### ABOUT THIS EXERCISE
Your task is to retype, word for word, the lines from the start of the data through the line holding "that is a bad". Do not include the pictures.

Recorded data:
+--

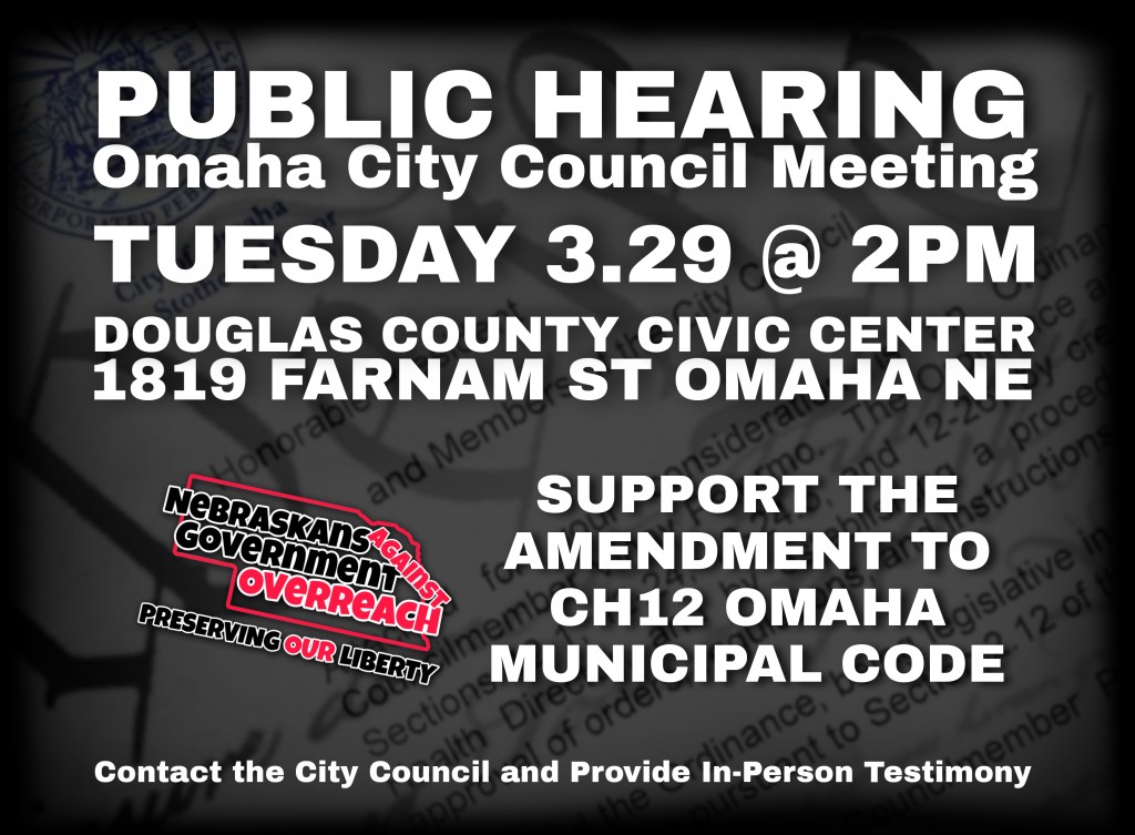 Get your testimony together and EMAIL the Omaha City Council members to SUPPORT the amendment to Ch 12 of the Omaha Municipal Code!!!
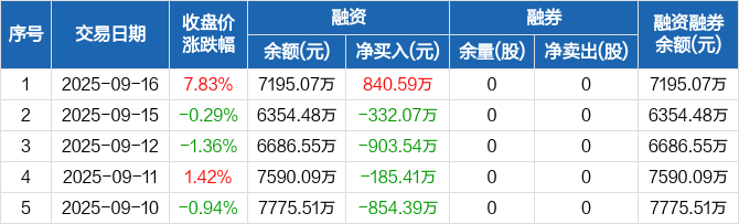 金钟股份:融资净买入840.59万元,融资余额7195.07万元(09-16)
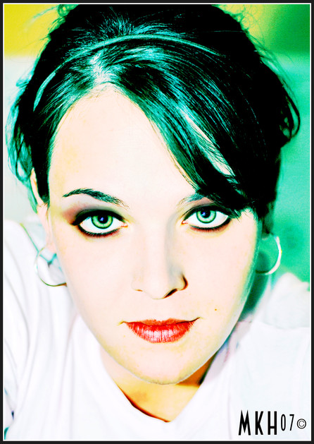 that is a bad ass picture, wonderful contrast!! ^^ I love her expression, and the way the text stands out so well...
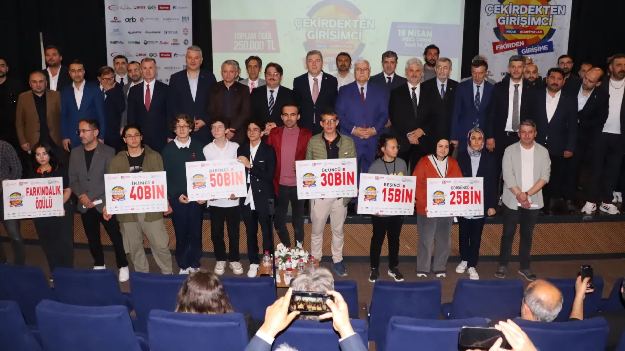 Sakarya İl Millî Eğitim Müdürlüğü ile Girişimci İş Adamları Vakfı Sakarya Şubesi iş birliğiyle yürütülen “Çekirdekten Girişimci Proje Olimpiyatları” nın sergisi ve ödül töreni, Sakarya AK Parti Milletvekili Ertuğrul Kocacık, Serdivan Belediye Başkanı Osman Çelik, Sakarya İl Millî Eğitim Müdürü Coşkun Bakırtaş, Girişimci İş Adamları Vakfı Genel Başkanı Mehmet Koç, GİV Sakarya Şube Başkanı Baki Demir, protokol üyeleri, akademisyenler, sivil toplum kuruluşu başkan ve temsilcileri, öğretmenler, öğrenciler ve ziyaretçilerin katılımıyla Şehit Erol Olçok Konferans Salonu’nda gerçekleştirildi.SAKARYA (İGFA) - Tören öncesinde ilkokul, ortaokul ve lise düzeyinde hazırlanan finalist toplam 20 proje, sergi alanında ziyaretçilerin beğenisine sunuldu. Öğrencilerin projelerinde çözüm odaklı yaklaşımı, toplumsal farkındalık oluşturma çabası ve teknolojiyi etkin kullanmaları dikkatleri çekti. 20 finalist öğrencinin ortaya koydukları ürünleri tanıttıkları proje sergisi, davetlileri yoğun ilgi gösterdi.
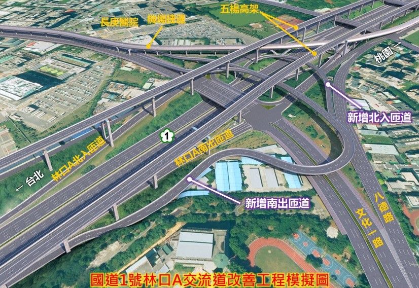 林口交流道囿於台地地形,前後主線為長爬坡路段縱坡大並受地方道路號誌停等影響,造成尖峰時段經常壅塞。為打通交通瓶頸,高公局在無新增用地全部使用公有地之條件下,克服萬難研提增設林口A南出、北入高架匝道及林口A、B南出南入(北出北入)立體化交織改善。
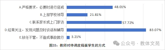 教师教育教学中面对“问题生”的实际问题,采取积极干预、家校协同等方式为主。对于调皮捣蛋、不守纪律或不爱学习的学生,83.07%的教师选择“经常关注,发现问题及时谈话和辅导”。这体现出多数教师秉持积极主动的教育态度,比较关注学生动态。57.72%的教师会选择“联系家长或上门家访”。表明超半数教师重视家校合作,认识到家庭在学生成长中的关键作用,通过协同制定教育策略,形成家校育人合力(见图33)。
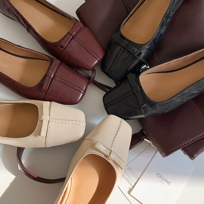 Womens Vintage Handmade Square Toe Ballet Comfort Flats

+--

### EXPECTED OUTPUT
 Get your testimony together and EMAIL the Omaha City Council members to SUPPORT the amendment to Ch 12 of the Omaha Municipal Code!!!
 金钟股份:融资净买入840.59万元,融资余额7195.07万元(09-16)
 that is a bad ass picture, wonderful contrast!! ^^ I love her expression, and the way the text stands out so well...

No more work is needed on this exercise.